The sashes had already been removed from the
big windows, and white curtains waved in the Gulf breeze that streamed
through the wide jalousies. The bare floor was amply strewn with cool
rugs; the chairs were inviting, deep, dreamy willows; the walls were
papered with a light, cheerful olive. One whole side of her sitting
room was covered with books on smooth, unpainted pine shelves. She
flew to these at once. Before her was a well-selected library. She
caught glimpses of titles of volumes of fiction and travel not yet
seasoned from the dampness of the press.
Presently, recollecting that she was now in a wilderness given over to
mutton, centipedes and privations, the incongruity of these luxuries
struck her, and, with intuitive feminine suspicion, she began turning
to the fly-leaves of volume after volume. Upon each one was inscribed
in fluent characters the name of Theodore Westlake, Jr.

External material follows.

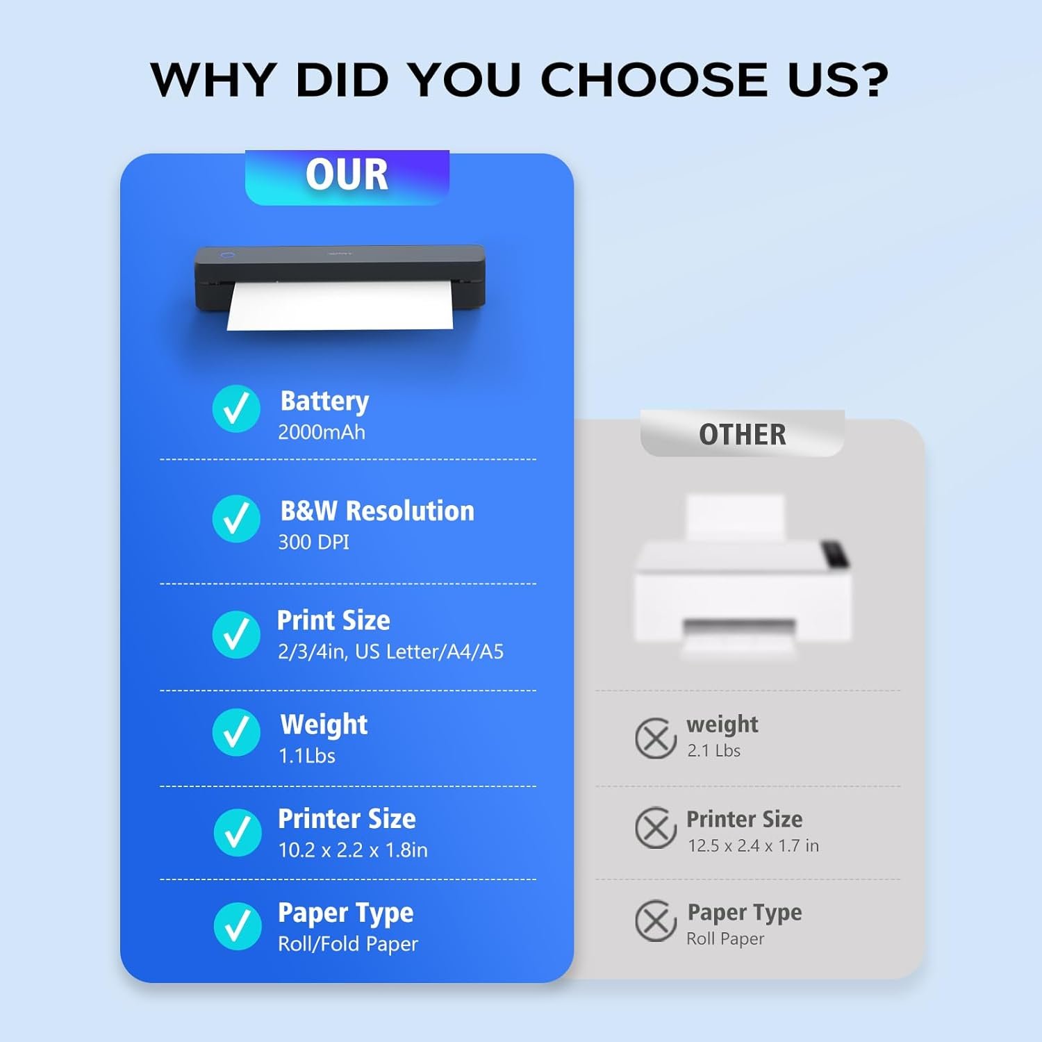 HIGH QUALITY PRINTING & DURABLE BATTERY – MT610pro 300 DPI travel portable printer is equipped with 2000mAh batteries and offers up to 4 hours of continuous printing and 360 sheets on a single charge. It can print contracts, receipts, photos, pictures, DIY projects, greeting cards, notes, to-do lists and more. (Note: Print on thermal paper only)

Octavia, fatigued by her long journey, retired early that night. Lying
upon her white, cool bed, she rested deliciously, but sleep coquetted
long with her. She listened to faint noises whose strangeness kept her
faculties on the alert--the fractious yelping of the coyotes, the
ceaseless, low symphony of the wind, the distant booming of the frogs
about the lake, the lamentation of a concertina in the Mexicans'
quarters.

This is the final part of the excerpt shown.